HANOVER, N.H.
I didn't see the Dartmouth scouting report, but I doubt Joe Gill's name was on it.
The senior guard's participation is usually limited to a couple of dunks in warm-ups and the ritual "frisking" of the captain during the lineup introduction.
On his best days, he plays a full minute, maybe two in a Penn blowout. Friday was one of those days.
Gill, subbed in for good with 2:30 to play, squared up for an NBA three-pointer with a minute to go and caught nothing but net.
The Penn bench reacted like it had just won on The Price is Right.
It's a liberating feeling, being out of the title race.
***
Dartmouth coach Terry Dunn did not change his expression. Why should he have? It wasn't the first time an anonymous blue jersey had drained a three with a Green defender one step behind.
"Their players that don't usually make threes, made threes," lamented Dartmouth captain Johnathan Ball. To anyone who hadn't just witnessed Penn shoot 12-of-17 from deep, Ball would've sounded like a sore loser.
But hey, he was right.
Justin Reilly's outside game probably hadn't been weighing on Dunn's mind. Andreas Schreiber's three-point percentage (.174) going into the weekend was a fine LSAT score but not so good for basketball. Both hit from deep on Friday night.
"It was . frustrating," said Dartmouth's DeVon Mosley, searching for a word that wouldn't earn him a punishment of some kind.
Penn coach Glen Miller had even less insight. How do you explain a team shooting 70 percent from deep when it had been shooting 30? Getting 12 threes when three weeks ago Dartmouth held Penn to zero threes?
Miller couldn't. In a season that has brought grind-it-out wins at best and 6-points-at-the-half-to-FGCU at worst, a blowout didn't need to come with a detailed debriefing.
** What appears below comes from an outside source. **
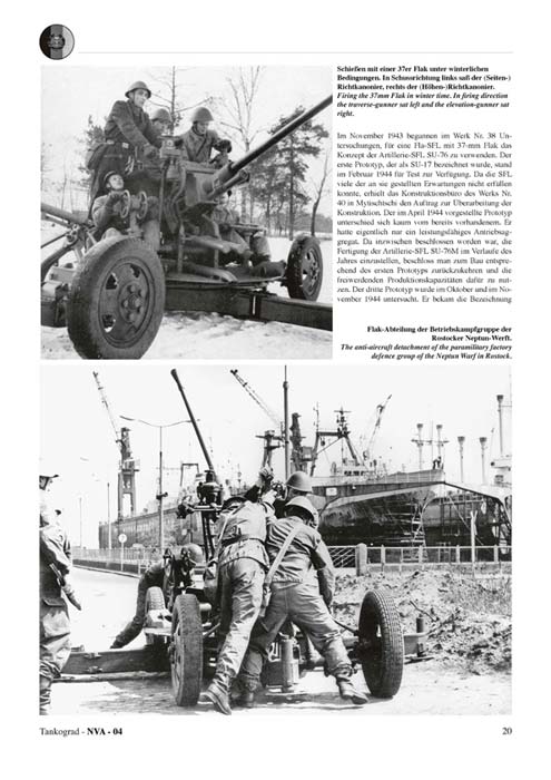 Etwas umfangreicher ist das Kapitel zur 37mm Flak M39. Hier geht es wieder um Technik, Einsatzgeschichte und Varianten in der NVA. Darüberhinaus gibt es einen ganzer Haufen sehr schöner Fotos aller möglichen Flaks sowohl einzeln als auch auf Fahrzeugen.

"I was surprised with the deficit," he said. "This year, you can never quite trust your team . even that big lead [can be] fool's gold."
***
No explanation necessary for Brian Grandieri, either. Senior year has been as difficult as predicted. After back-to-back championships the last two years, he's carried an entire team on his torn meniscus, for better or worse.
His postgame demeanor has shown it. This season, he went from condescension ("Some time you gotta man up . we don't have those guys yet") to quiet acceptance. Title number three - he missed Penn's 2004-2005 campaign with a torn ACL - is not coming his way.
Friday night, he was liberated to Stage Three. "Tell them about the pushups!" he cracked, cutting off his teammate Schreiber in mid-response. "He was doing pushups [in the bathroom] before the game."
For once, the focus wasn't on trying to extract the Zoller and Jaaber from Reilly and Schreiber.
No Tournament seed to worry about. No scoreboard-watching. On this night, a win over Dartmouth was grounds for celebration, not muted relief.
After all, if the 17th man can hit threes, can things really be that bad?